## WORK TO COMPLETE
Copy from the first line below down to and including the line with "Ceramic skull mug". Skip the pictures.

## DATA EXTRACT
━━━━━━━━━━━━━━━━━━━━
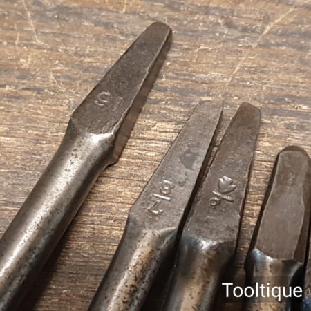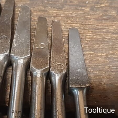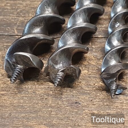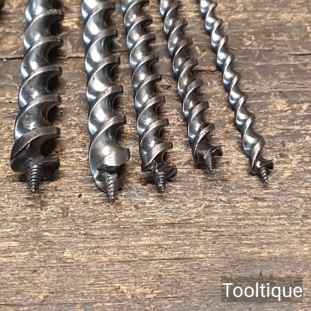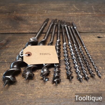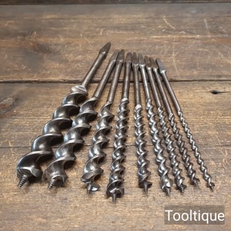 Vintage Set of 9 No: Jenning Pattern Carpenters Brace Auger Bits, refurbished ready for use and in good used condition. Note: Sharpened Various makers, different sizes between ¼” – 1”.
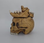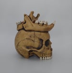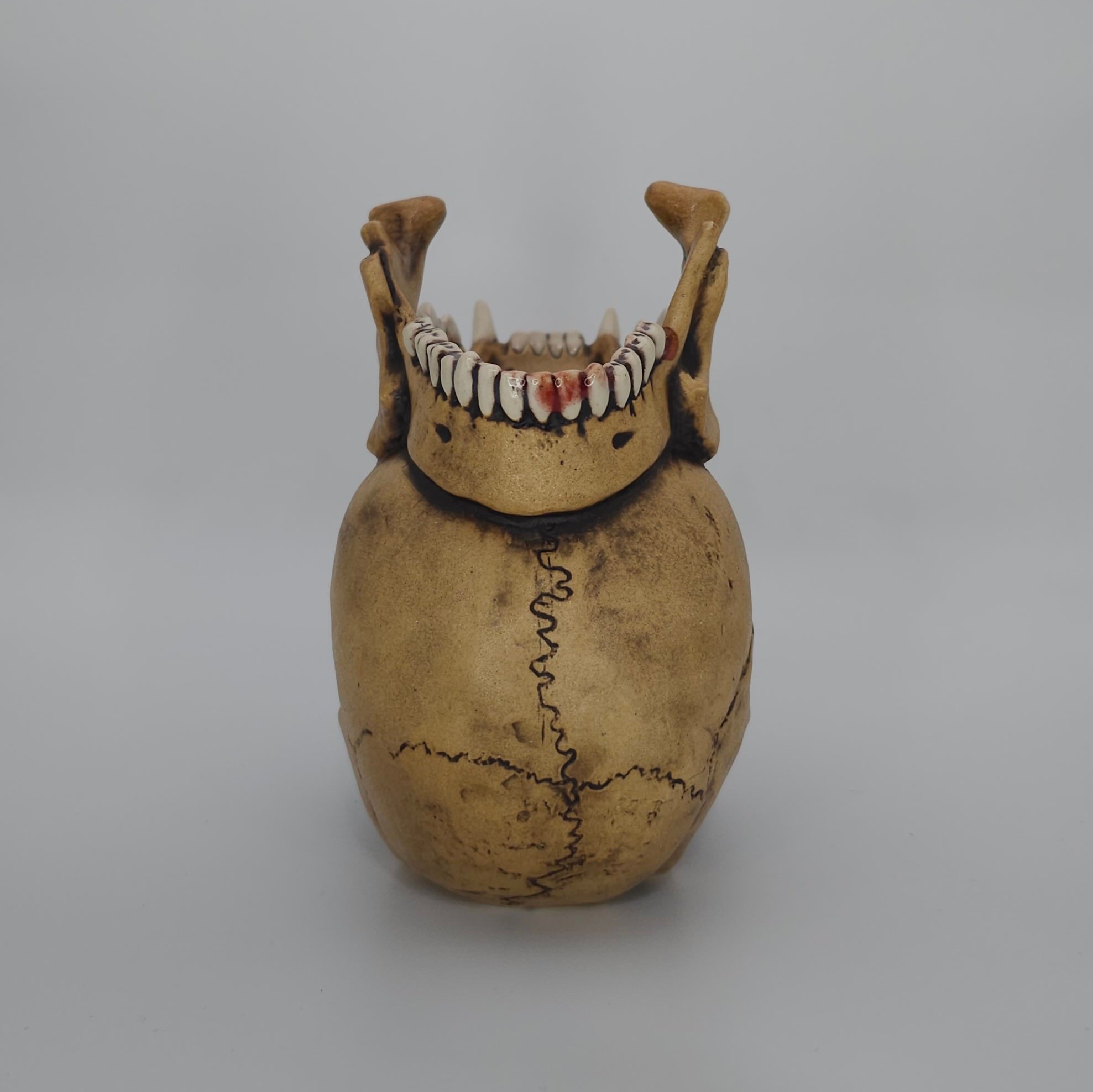 Ceramic skull mug with jaguar and human jawbone crown. Fired to cone 6 (2232 degrees Fahrenheit) and can hold 12-13 ounces, perfect for your favorite cocktail, beer, coffee, or the blood of your enemies. Stop drinking like a peasant, drink like a king!
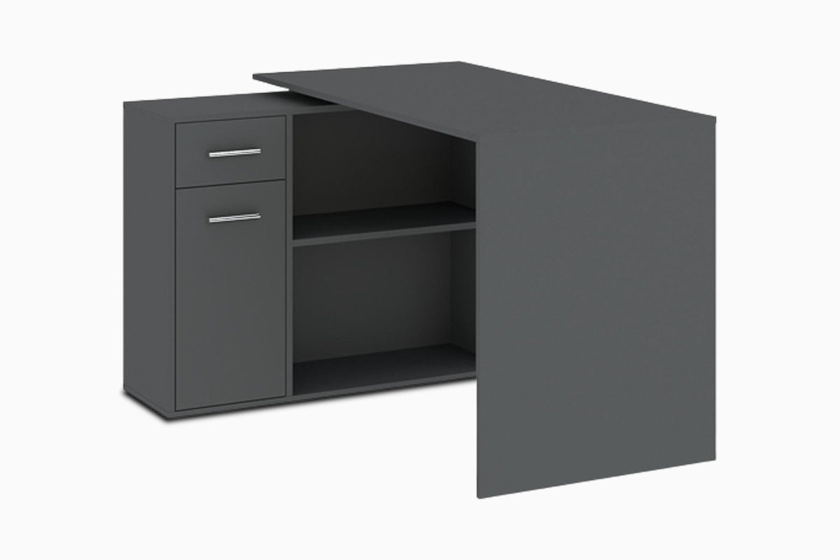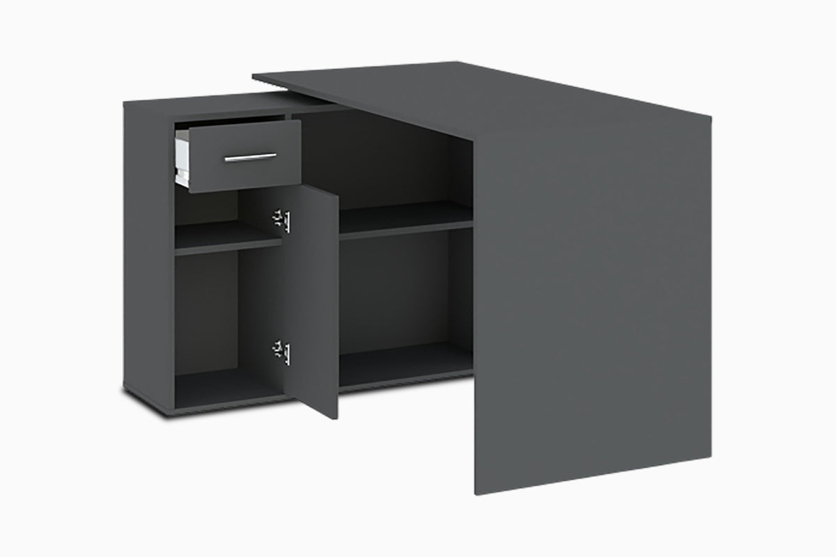 Darbo stalas Firm – solidus ir funkcionalus baldas, sukurtas tiems, kurie vertina patogumą bei modernų dizainą. Tamsiai pilkos spalvos paviršius suteikia interjerui elegancijos ir subtilumo, todėl šis stalas puikiai tiks tiek namų biurui, tiek jaunimo kambariui.
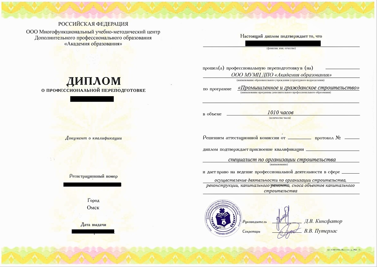 - Диплом о профессиональной переподготовке установленного образца. Срок действия: бессрочно
━━━━━━━━━━━━━━━━━━━━
## RESULT OF THIS EXERCISE
 Vintage Set of 9 No: Jenning Pattern Carpenters Brace Auger Bits, refurbished ready for use and in good used condition. Note: Sharpened Various makers, different sizes between ¼” – 1”.
 Ceramic skull mug with jaguar and human jawbone crown. Fired to cone 6 (2232 degrees Fahrenheit) and can hold 12-13 ounces, perfect for your favorite cocktail, beer, coffee, or the blood of your enemies. Stop drinking like a peasant, drink like a king!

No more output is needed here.